WORK ORDER. From the first line of the entries through the line containing "540589 9Pcs Ball", output everything exactly except the pictures.

DATASET EXCERPTS.
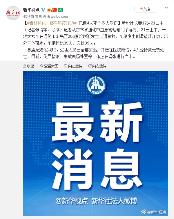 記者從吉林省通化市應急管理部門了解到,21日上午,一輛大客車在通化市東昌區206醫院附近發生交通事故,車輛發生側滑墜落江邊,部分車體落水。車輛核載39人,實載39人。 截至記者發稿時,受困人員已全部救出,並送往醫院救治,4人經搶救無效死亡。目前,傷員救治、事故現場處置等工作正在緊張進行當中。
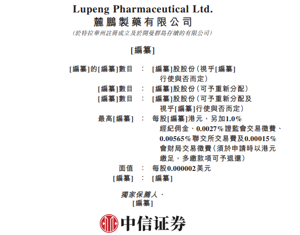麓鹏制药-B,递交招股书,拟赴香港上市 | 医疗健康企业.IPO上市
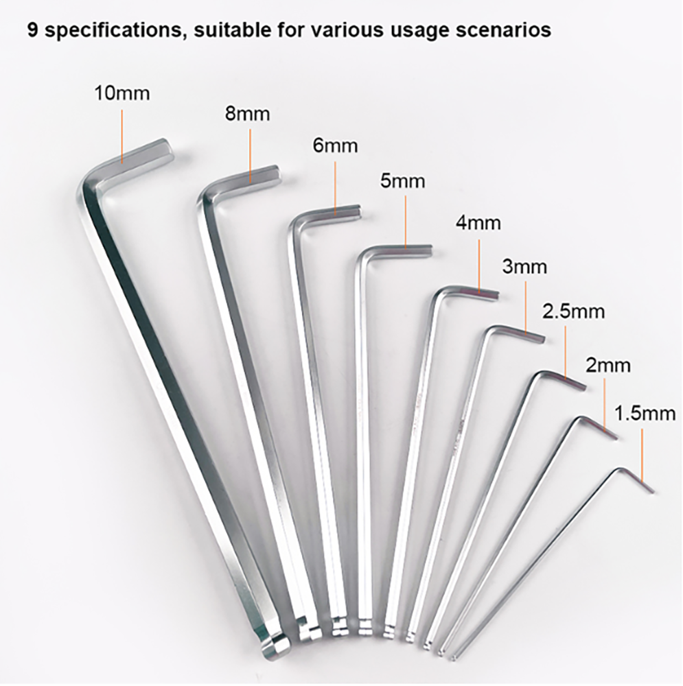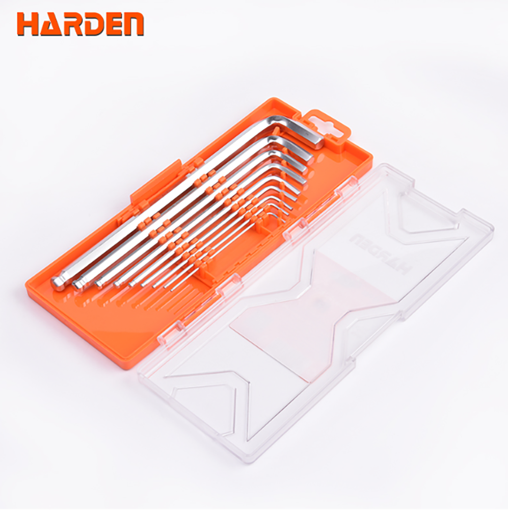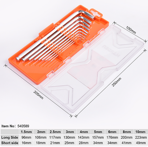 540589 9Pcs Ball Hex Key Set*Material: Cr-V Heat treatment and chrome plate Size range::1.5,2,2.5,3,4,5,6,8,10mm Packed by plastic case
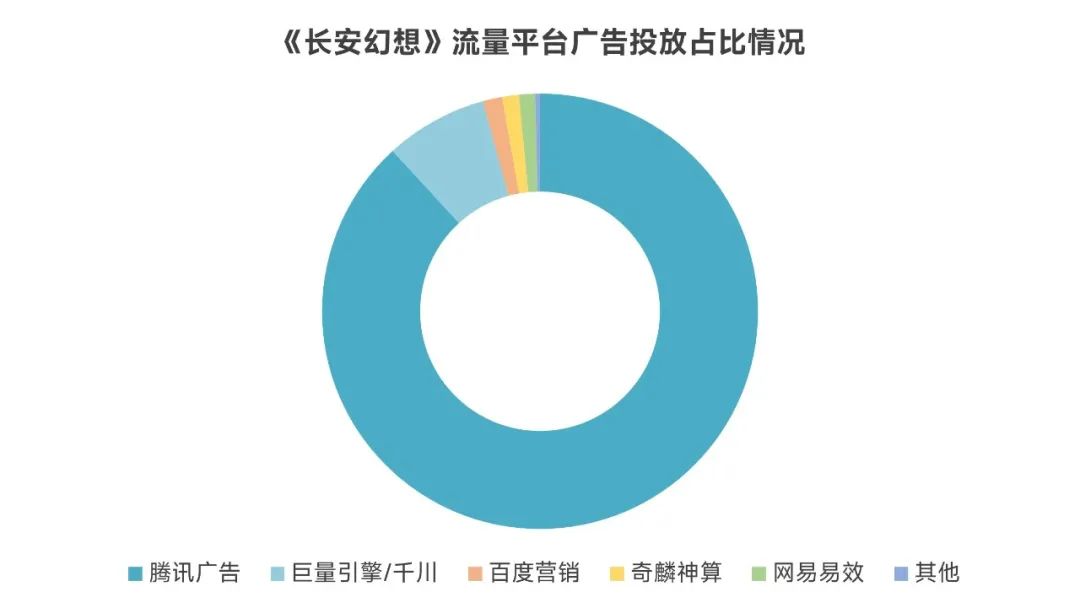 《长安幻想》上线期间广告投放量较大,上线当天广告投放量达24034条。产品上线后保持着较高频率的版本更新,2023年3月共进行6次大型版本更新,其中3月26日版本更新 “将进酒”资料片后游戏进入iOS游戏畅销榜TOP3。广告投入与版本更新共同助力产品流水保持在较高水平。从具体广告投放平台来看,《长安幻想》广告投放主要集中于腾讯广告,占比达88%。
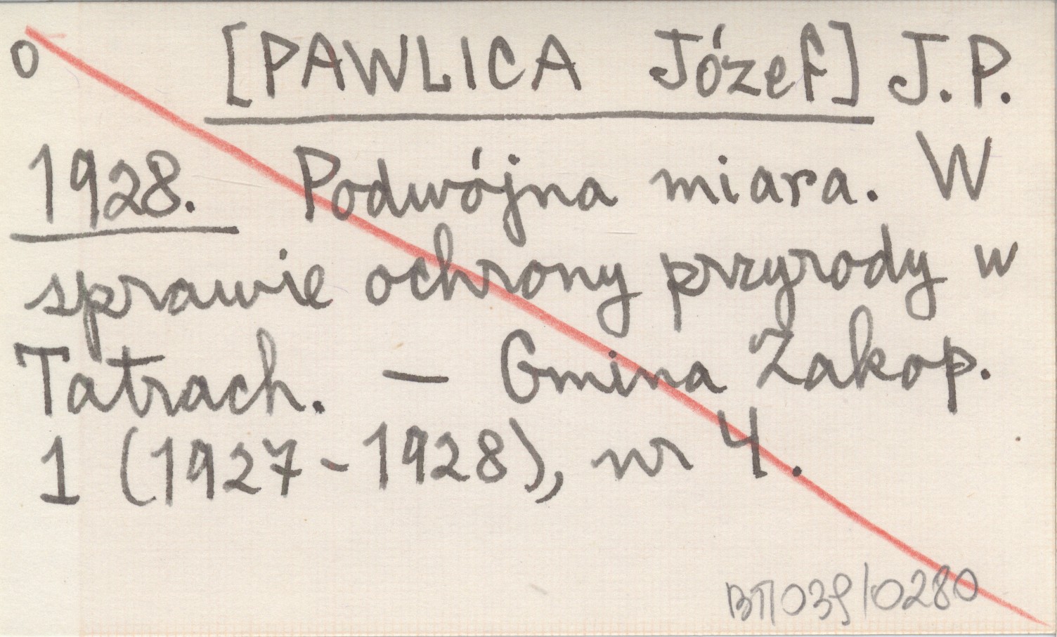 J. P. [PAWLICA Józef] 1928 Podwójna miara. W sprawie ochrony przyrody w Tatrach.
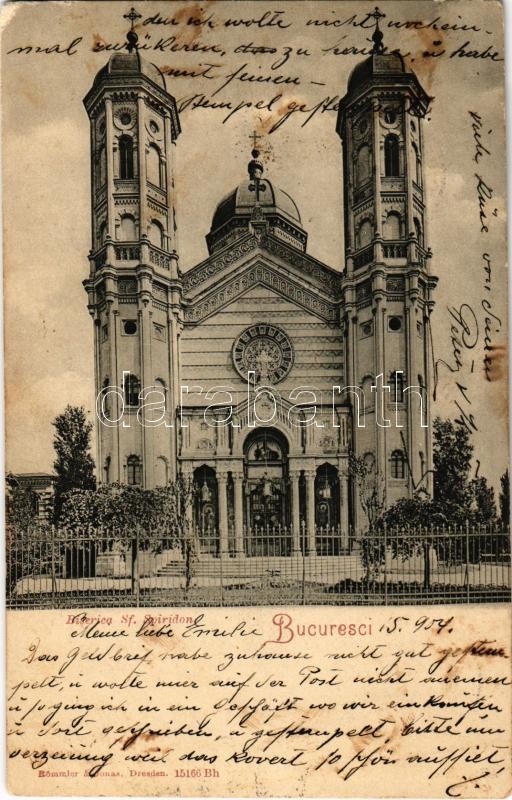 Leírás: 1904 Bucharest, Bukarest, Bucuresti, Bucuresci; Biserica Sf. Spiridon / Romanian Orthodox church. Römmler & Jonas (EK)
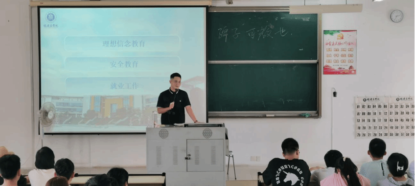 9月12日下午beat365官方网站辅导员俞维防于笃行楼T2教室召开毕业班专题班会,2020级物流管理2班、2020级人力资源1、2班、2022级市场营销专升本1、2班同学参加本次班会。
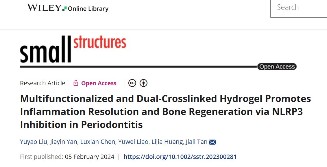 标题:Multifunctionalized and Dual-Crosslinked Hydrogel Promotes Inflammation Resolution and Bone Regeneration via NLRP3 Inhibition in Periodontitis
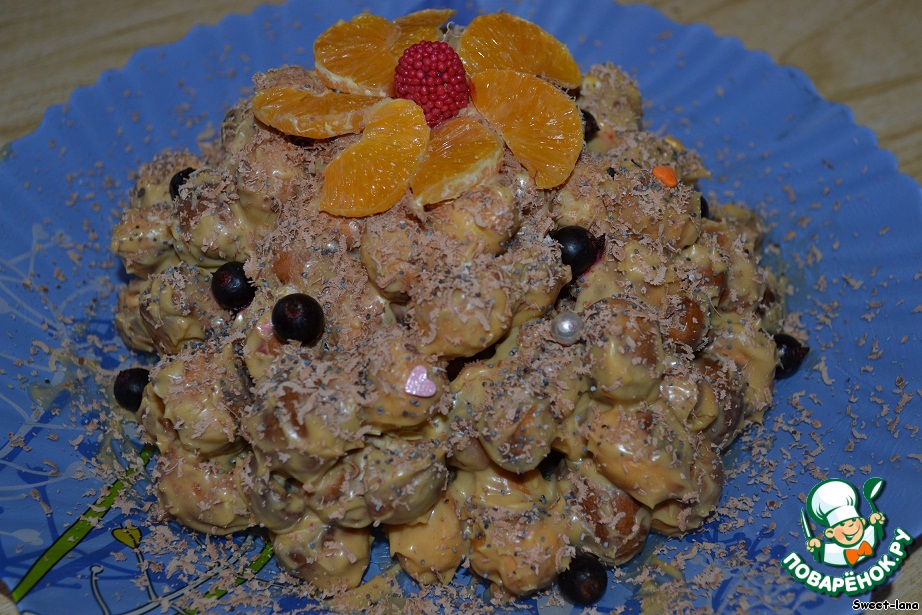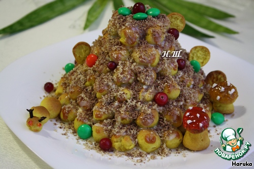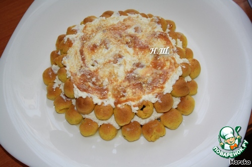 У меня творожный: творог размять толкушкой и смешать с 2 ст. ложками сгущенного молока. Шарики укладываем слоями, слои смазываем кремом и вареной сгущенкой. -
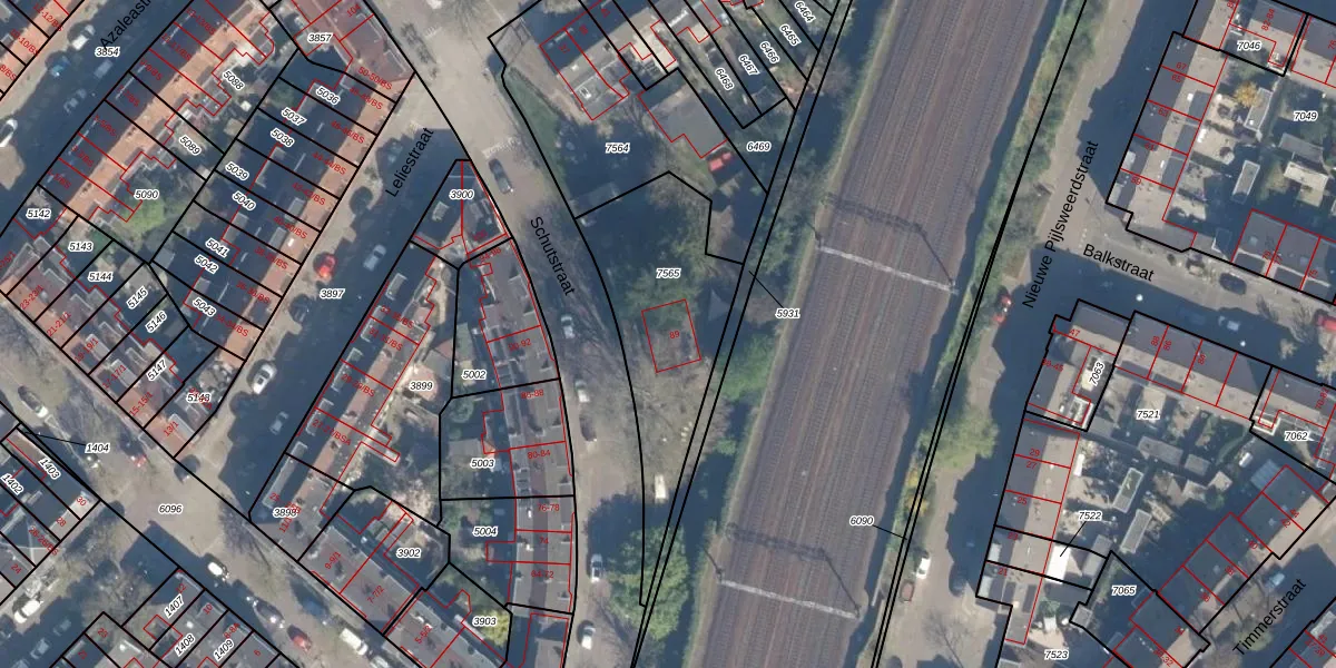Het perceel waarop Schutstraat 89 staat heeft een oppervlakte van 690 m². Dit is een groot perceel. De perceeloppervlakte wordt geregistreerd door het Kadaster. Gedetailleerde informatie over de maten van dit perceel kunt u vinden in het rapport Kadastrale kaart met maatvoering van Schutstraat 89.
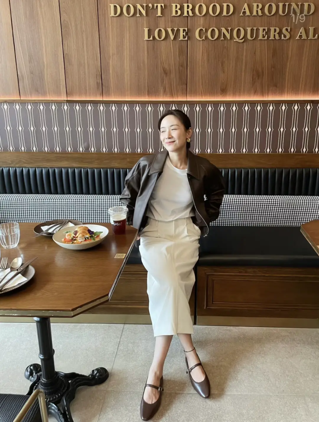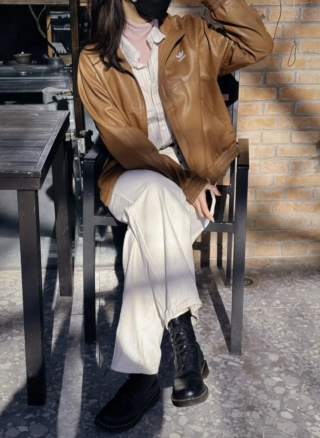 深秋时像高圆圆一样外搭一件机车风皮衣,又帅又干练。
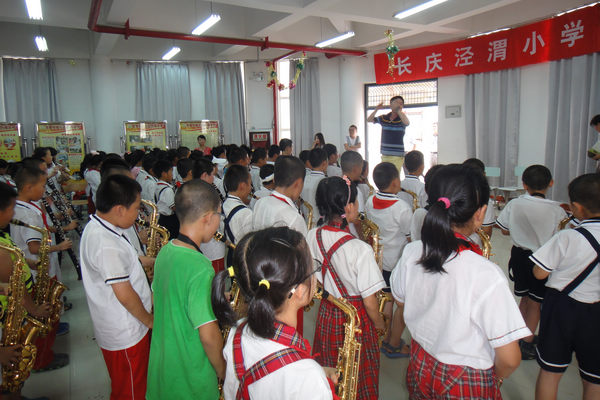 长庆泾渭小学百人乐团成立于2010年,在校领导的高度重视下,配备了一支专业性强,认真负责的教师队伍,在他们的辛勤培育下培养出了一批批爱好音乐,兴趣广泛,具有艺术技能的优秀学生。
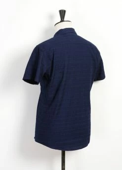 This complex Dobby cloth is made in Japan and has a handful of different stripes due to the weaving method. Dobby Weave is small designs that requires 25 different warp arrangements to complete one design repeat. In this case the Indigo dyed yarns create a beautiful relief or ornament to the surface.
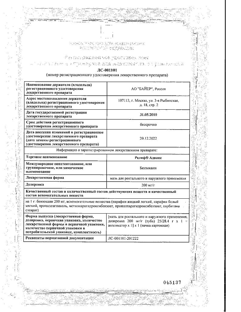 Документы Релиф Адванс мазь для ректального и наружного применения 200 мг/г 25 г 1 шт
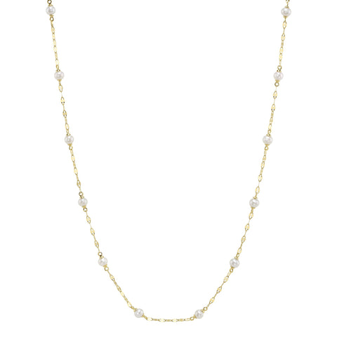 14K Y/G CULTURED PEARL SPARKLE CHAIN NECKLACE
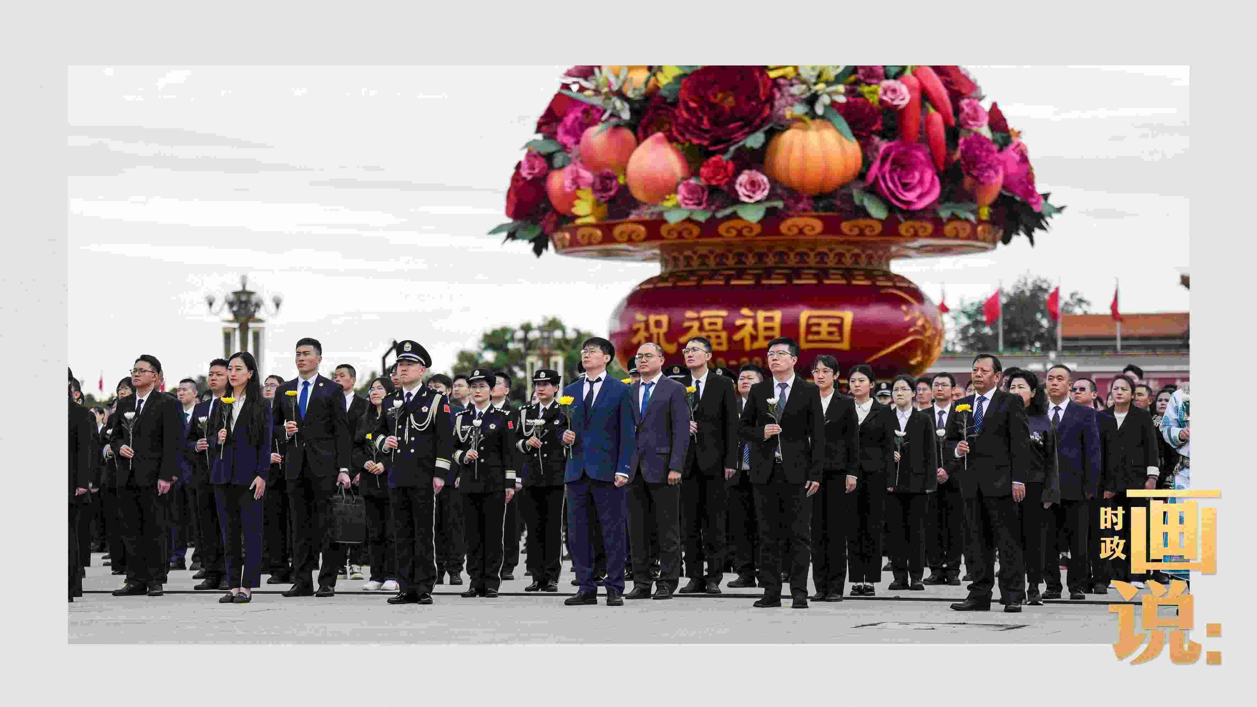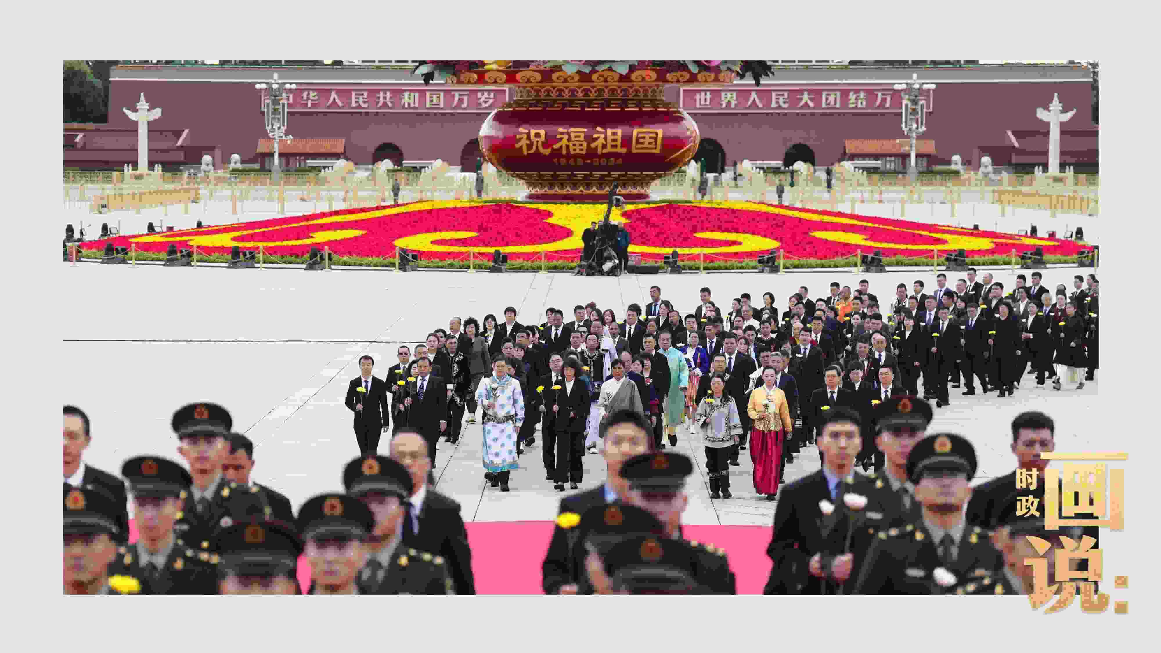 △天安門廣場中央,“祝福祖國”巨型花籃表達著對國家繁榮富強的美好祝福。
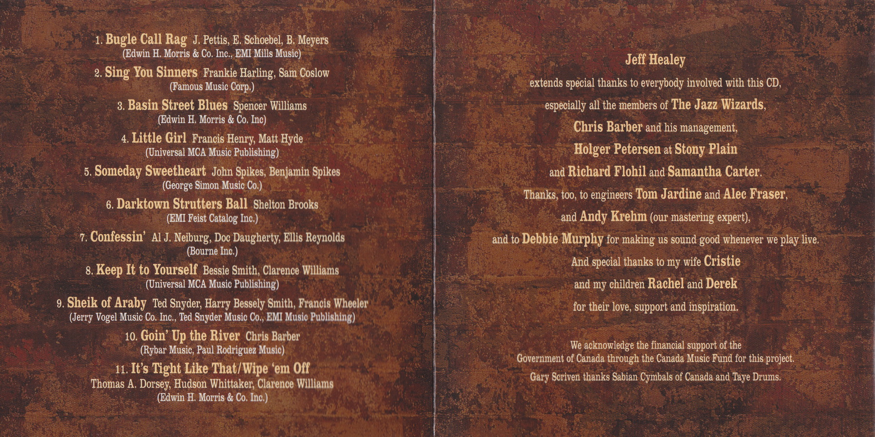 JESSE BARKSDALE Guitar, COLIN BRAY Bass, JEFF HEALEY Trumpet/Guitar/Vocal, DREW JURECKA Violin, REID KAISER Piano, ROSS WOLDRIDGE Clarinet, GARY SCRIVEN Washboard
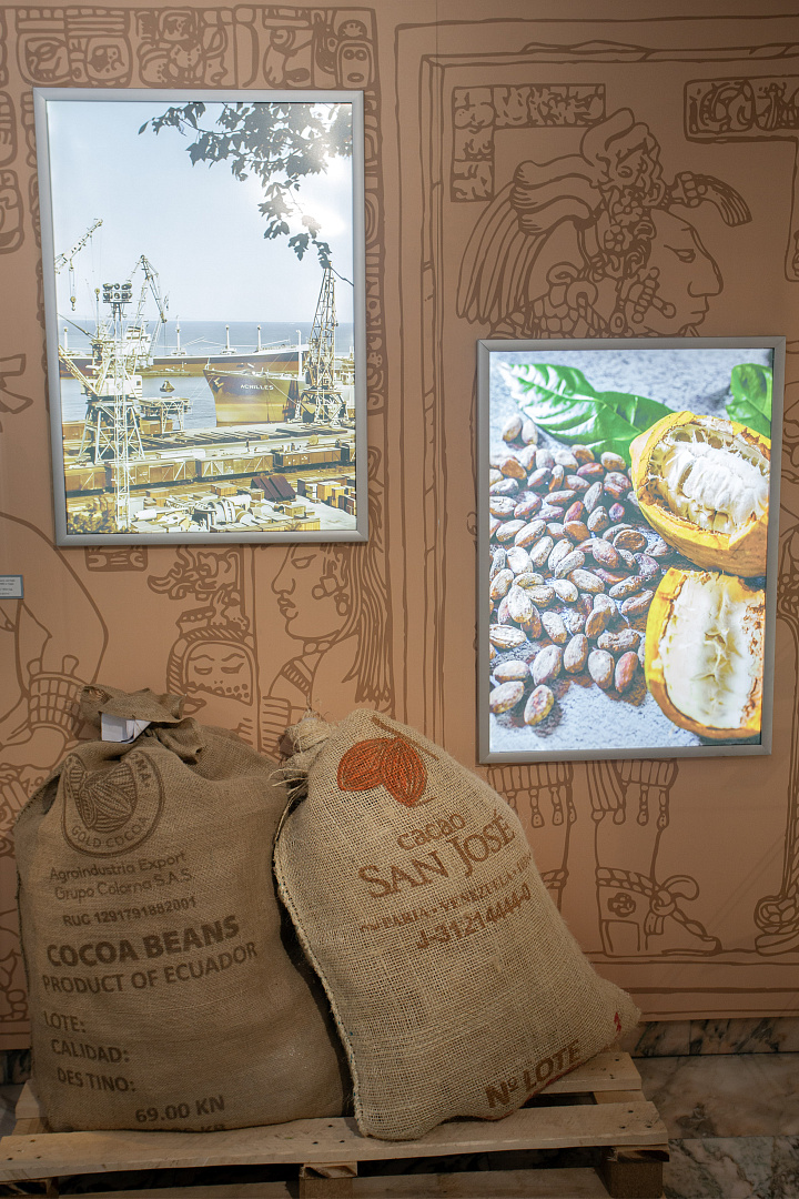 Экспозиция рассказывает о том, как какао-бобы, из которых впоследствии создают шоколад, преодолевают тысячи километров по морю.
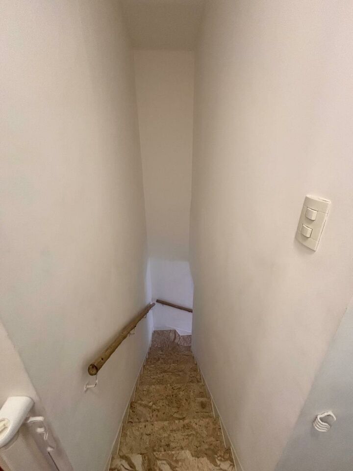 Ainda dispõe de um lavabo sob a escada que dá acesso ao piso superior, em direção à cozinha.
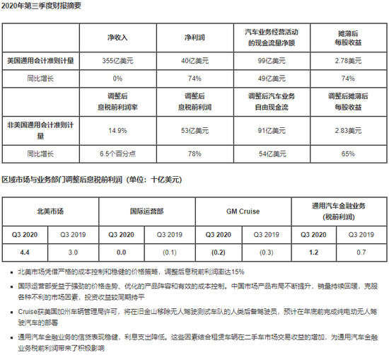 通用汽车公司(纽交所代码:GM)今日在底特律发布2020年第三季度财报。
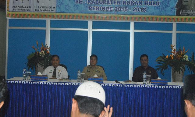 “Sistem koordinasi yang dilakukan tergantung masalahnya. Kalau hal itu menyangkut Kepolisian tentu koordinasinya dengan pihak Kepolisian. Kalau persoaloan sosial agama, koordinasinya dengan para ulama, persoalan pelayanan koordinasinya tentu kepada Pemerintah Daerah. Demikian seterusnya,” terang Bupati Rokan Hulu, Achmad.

OUTPUT FOR THIS TASK.
 記者從吉林省通化市應急管理部門了解到,21日上午,一輛大客車在通化市東昌區206醫院附近發生交通事故,車輛發生側滑墜落江邊,部分車體落水。車輛核載39人,實載39人。 截至記者發稿時,受困人員已全部救出,並送往醫院救治,4人經搶救無效死亡。目前,傷員救治、事故現場處置等工作正在緊張進行當中。
麓鹏制药-B,递交招股书,拟赴香港上市 | 医疗健康企业.IPO上市
 540589 9Pcs Ball Hex Key Set*Material: Cr-V Heat treatment and chrome plate Size range::1.5,2,2.5,3,4,5,6,8,10mm Packed by plastic case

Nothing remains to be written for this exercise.